### TASK DESCRIPTION:
Return the listing below unchanged, minus its pictures.

### DATA:
┄┄┄┄┄┄┄┄┄┄

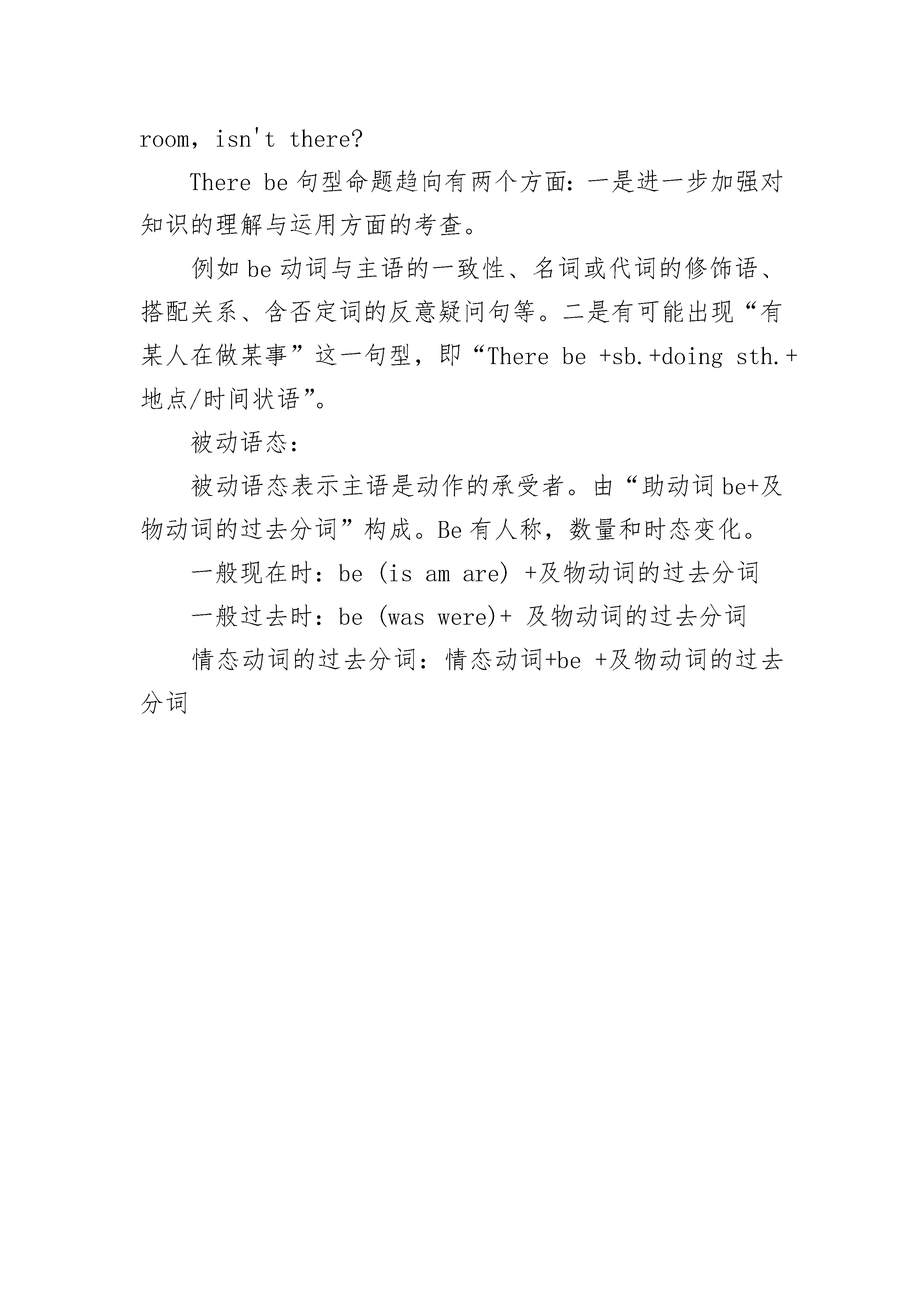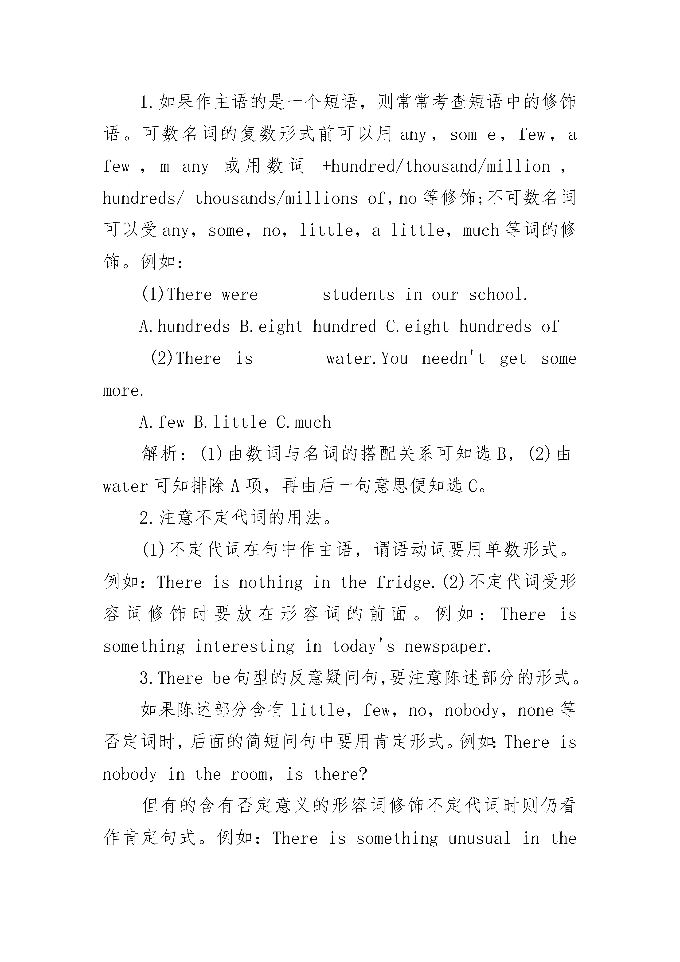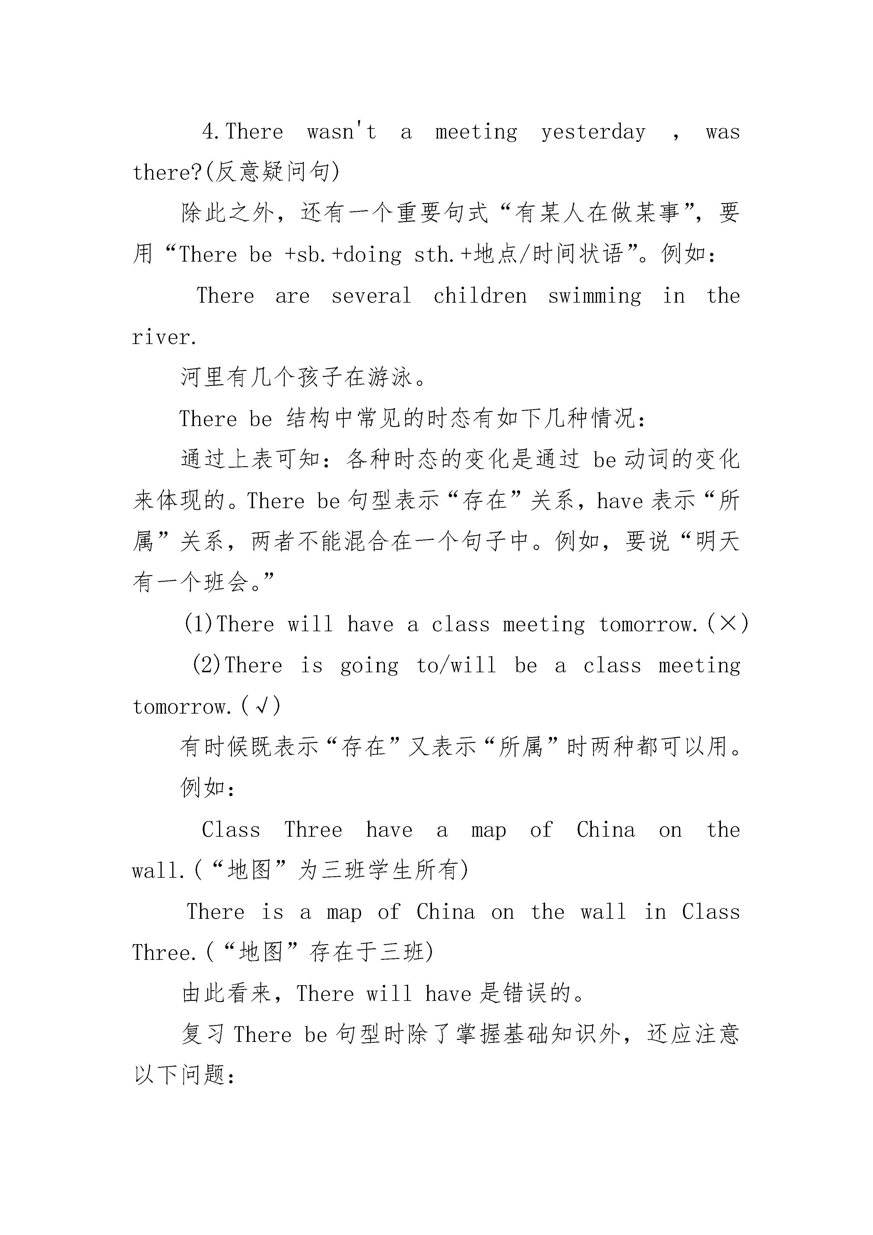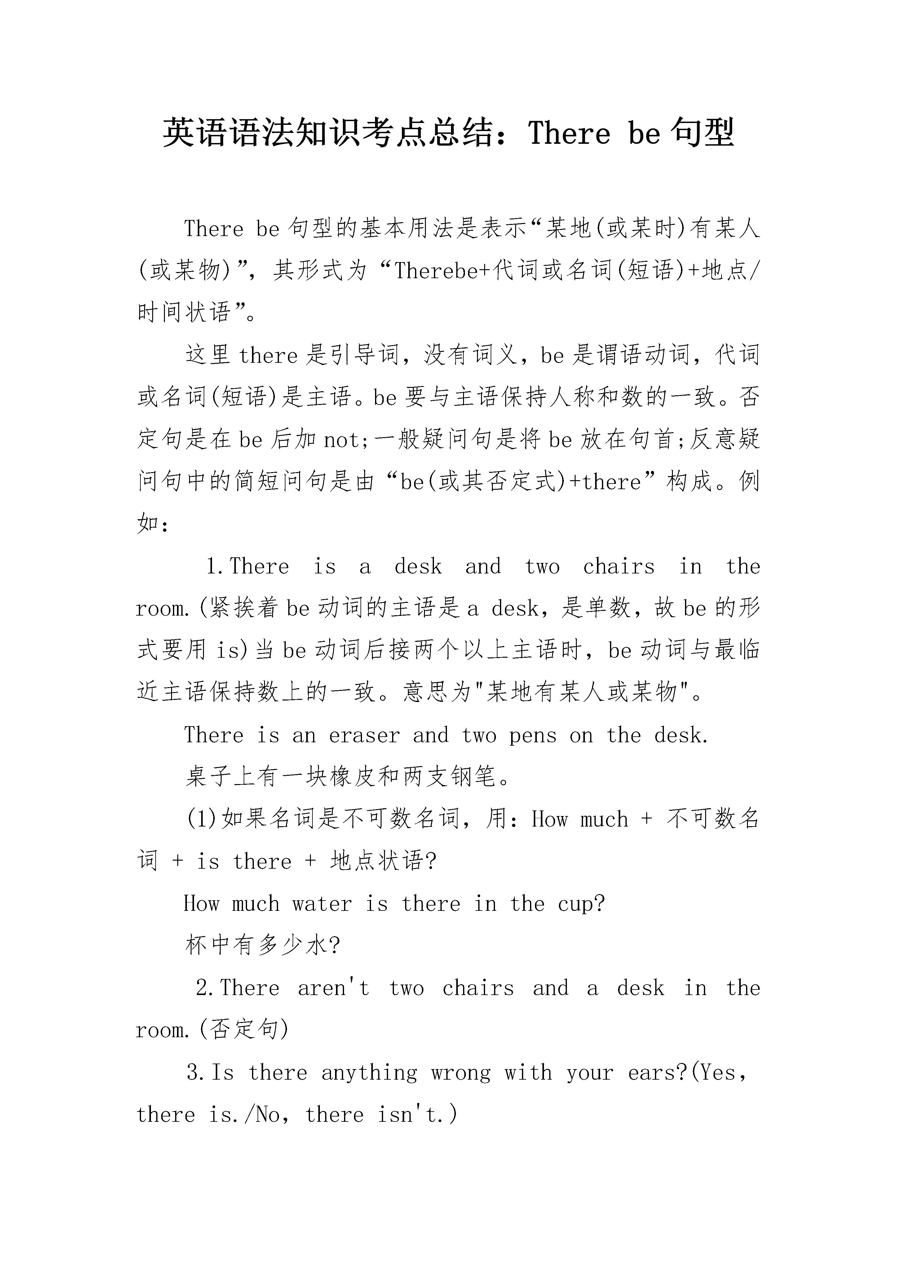 英语语法知识考点总结:Therebe句型Therebe句型的基本用法是表示“某地(或某时)有某人(或某物)”,其形式为“Therebe+代词或名词(短语)+地点/时间状语”。这里there是引导词,没有词义,be是谓语动词,代词或名词(短语)是主语。be要与主语保持人称和数的一致。否定句是在be后加not;一般疑问句是将be放在句首;反意疑问句中的简短问句是由“be(或其否定式)+there”构成。例如:1.Thereisadeskandtwochairsintheroom.(紧挨着be动词的主语是adesk,是单数,故be的形式要用is)当be动词后接两个以上主语时,be动词与最临近主语保持数上的一致。意思为"某地有某人或某物"。Thereisaneraserandtwopensonthedesk.桌子上有一块橡皮和两支钢笔。(1)如果名词是不可数名词,用:Howmuch+不可数名词+isthere+地点状语?Howmuchwateristhereinthecup?杯中有多少水?2.Therearen'ttwochairsandadeskintheroom.(否定句)3.Isthereanythingwrongwithyourears?(Yes,thereis./No,thereisn't.)4.Therewasn'tameetingyesterday,wasthere?(反意疑问句)除此之外,还有一个重要句式“有某人在做某事”,要用“Therebe+sb.+doingsth.+地点/时间状语”。例如:Thereareseveralchildrenswimmingintheriver.河里有几个孩子在游泳。Therebe结构中常见的时态有如下几种情况:通过上表可知:各种时态的变化是通过be动词的变化来体现的。Therebe句型表示“存在”关系,have表示“所属”关系,两者不能混合在一个句子中。例如,要说“明天有一个班会。”(1)Therewillhaveaclassmeetingtomorrow.(×)(2)Thereisgoingto/willbeaclassmeetingtomorrow.(√)有时候既表示“存在”又表示“所属”时两种都可以用。例如:ClassThreehaveamapofChinaonthewall.(“地图”为三班学生所有)ThereisamapofChinaonthewallinClassThree.(“地图”存在于三班)由此看来,Therewillhave是错误的。复习Therebe句型时除了掌握基础知识外,还应注意以下问题:1.如果作主语的是一个短语,则常常考查短语中的修饰语。可数名词的复数形式前可以用any,some,few,afew,many或用数词+hundred/thousand/million,hundreds/thousands/millionsof,no等修饰;不可数名词可以受any,some,no,little,alittle,much等词的修饰。例如:(1)Therewere_____studentsinourschool.A.hundredsB.eighthundredC.eighthundredsof(2)Thereis_____water.Youneedn'tgetsomemore.A.fewB.littleC.much解析:(1)由数词与名词的搭配关系可知选B,(2)由water可知排除A项,再由后一句意思便知选C。2.注意不定代词的用法。(1)不定代词在句中作主语,谓语动词要用单数形式。例如:Thereisnothinginthefridge.(2)不定代词受形容词修饰时要放在形容词的前面。例如:Thereissomethinginterestingintoday'snewspaper.3.Therebe句型的反意疑问句,要注意陈述部分的形式。如果陈述部分含有little,few,no,nobody,none等否定词时,后面的简短问句中要用肯定形式。例如:Thereisnobodyintheroom,isthere?但有的含有否定意义的形容词修饰不定代词时则仍看作肯定句式。例如:Thereissomethingunusualintheroom,isn'tthere?Therebe句型命题趋向有两个方面:一是进一步加强对知识的理解与运用方面的考查。例如be动词与主语的一致性、名词或代词的修饰语、搭配关系、含否定词的反意疑问句等。二是有可能出现“有某人在做某事”这一句型,即“Therebe+sb.+doingsth.+地点/时间状语”。被动语态:被动语态表示主语是动作的承受者。由“助动词be+及物动词的过去分词”构成。Be有人称,数量和时态变化。一般现在时:be(i
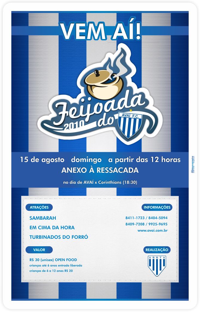 A ASSTA (Associação Social e Cultural do Avaí) está divulgando a realização da edição 2010 da Feijoada do Avaí.
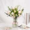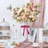 True to its name, this stupendous arrangement features a delightful combination of light pink David Austin roses, creamy roses, and soft white hydrangeas, adding a touch of elegance and grace to any space or occasion.
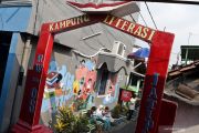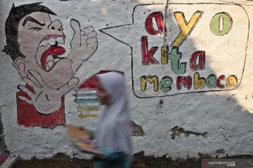 Seorang bocah berjalan melintas di depan lukisan dinding di Kampung Literasi RW 08, Jatipulo, Palmerah, Jakarta Barat, Jumat (2/8/2019). Kelurahan bersama warga setempat menjadikan kampung padat penduduk Jatipulo sebagai pusat kampanye literasi dengan menyediakan tiga titik lokasi peminjaman buku gratis serta sejumlah lukisan dinding berisi ajakan gemar membaca. ANTARA FOTO/Aditya Pradana Putra/hp.

┄┄┄┄┄┄┄┄┄┄

### ANSWER SPACE:
 英语语法知识考点总结:Therebe句型Therebe句型的基本用法是表示“某地(或某时)有某人(或某物)”,其形式为“Therebe+代词或名词(短语)+地点/时间状语”。这里there是引导词,没有词义,be是谓语动词,代词或名词(短语)是主语。be要与主语保持人称和数的一致。否定句是在be后加not;一般疑问句是将be放在句首;反意疑问句中的简短问句是由“be(或其否定式)+there”构成。例如:1.Thereisadeskandtwochairsintheroom.(紧挨着be动词的主语是adesk,是单数,故be的形式要用is)当be动词后接两个以上主语时,be动词与最临近主语保持数上的一致。意思为"某地有某人或某物"。Thereisaneraserandtwopensonthedesk.桌子上有一块橡皮和两支钢笔。(1)如果名词是不可数名词,用:Howmuch+不可数名词+isthere+地点状语?Howmuchwateristhereinthecup?杯中有多少水?2.Therearen'ttwochairsandadeskintheroom.(否定句)3.Isthereanythingwrongwithyourears?(Yes,thereis./No,thereisn't.)4.Therewasn'tameetingyesterday,wasthere?(反意疑问句)除此之外,还有一个重要句式“有某人在做某事”,要用“Therebe+sb.+doingsth.+地点/时间状语”。例如:Thereareseveralchildrenswimmingintheriver.河里有几个孩子在游泳。Therebe结构中常见的时态有如下几种情况:通过上表可知:各种时态的变化是通过be动词的变化来体现的。Therebe句型表示“存在”关系,have表示“所属”关系,两者不能混合在一个句子中。例如,要说“明天有一个班会。”(1)Therewillhaveaclassmeetingtomorrow.(×)(2)Thereisgoingto/willbeaclassmeetingtomorrow.(√)有时候既表示“存在”又表示“所属”时两种都可以用。例如:ClassThreehaveamapofChinaonthewall.(“地图”为三班学生所有)ThereisamapofChinaonthewallinClassThree.(“地图”存在于三班)由此看来,Therewillhave是错误的。复习Therebe句型时除了掌握基础知识外,还应注意以下问题:1.如果作主语的是一个短语,则常常考查短语中的修饰语。可数名词的复数形式前可以用any,some,few,afew,many或用数词+hundred/thousand/million,hundreds/thousands/millionsof,no等修饰;不可数名词可以受any,some,no,little,alittle,much等词的修饰。例如:(1)Therewere_____studentsinourschool.A.hundredsB.eighthundredC.eighthundredsof(2)Thereis_____water.Youneedn'tgetsomemore.A.fewB.littleC.much解析:(1)由数词与名词的搭配关系可知选B,(2)由water可知排除A项,再由后一句意思便知选C。2.注意不定代词的用法。(1)不定代词在句中作主语,谓语动词要用单数形式。例如:Thereisnothinginthefridge.(2)不定代词受形容词修饰时要放在形容词的前面。例如:Thereissomethinginterestingintoday'snewspaper.3.Therebe句型的反意疑问句,要注意陈述部分的形式。如果陈述部分含有little,few,no,nobody,none等否定词时,后面的简短问句中要用肯定形式。例如:Thereisnobodyintheroom,isthere?但有的含有否定意义的形容词修饰不定代词时则仍看作肯定句式。例如:Thereissomethingunusualintheroom,isn'tthere?Therebe句型命题趋向有两个方面:一是进一步加强对知识的理解与运用方面的考查。例如be动词与主语的一致性、名词或代词的修饰语、搭配关系、含否定词的反意疑问句等。二是有可能出现“有某人在做某事”这一句型,即“Therebe+sb.+doingsth.+地点/时间状语”。被动语态:被动语态表示主语是动作的承受者。由“助动词be+及物动词的过去分词”构成。Be有人称,数量和时态变化。一般现在时:be(i
 A ASSTA (Associação Social e Cultural do Avaí) está divulgando a realização da edição 2010 da Feijoada do Avaí.
 True to its name, this stupendous arrangement features a delightful combination of light pink David Austin roses, creamy roses, and soft white hydrangeas, adding a touch of elegance and grace to any space or occasion.
 Seorang bocah berjalan melintas di depan lukisan dinding di Kampung Literasi RW 08, Jatipulo, Palmerah, Jakarta Barat, Jumat (2/8/2019). Kelurahan bersama warga setempat menjadikan kampung padat penduduk Jatipulo sebagai pusat kampanye literasi dengan menyediakan tiga titik lokasi peminjaman buku gratis serta sejumlah lukisan dinding berisi ajakan gemar membaca. ANTARA FOTO/Aditya Pradana Putra/hp.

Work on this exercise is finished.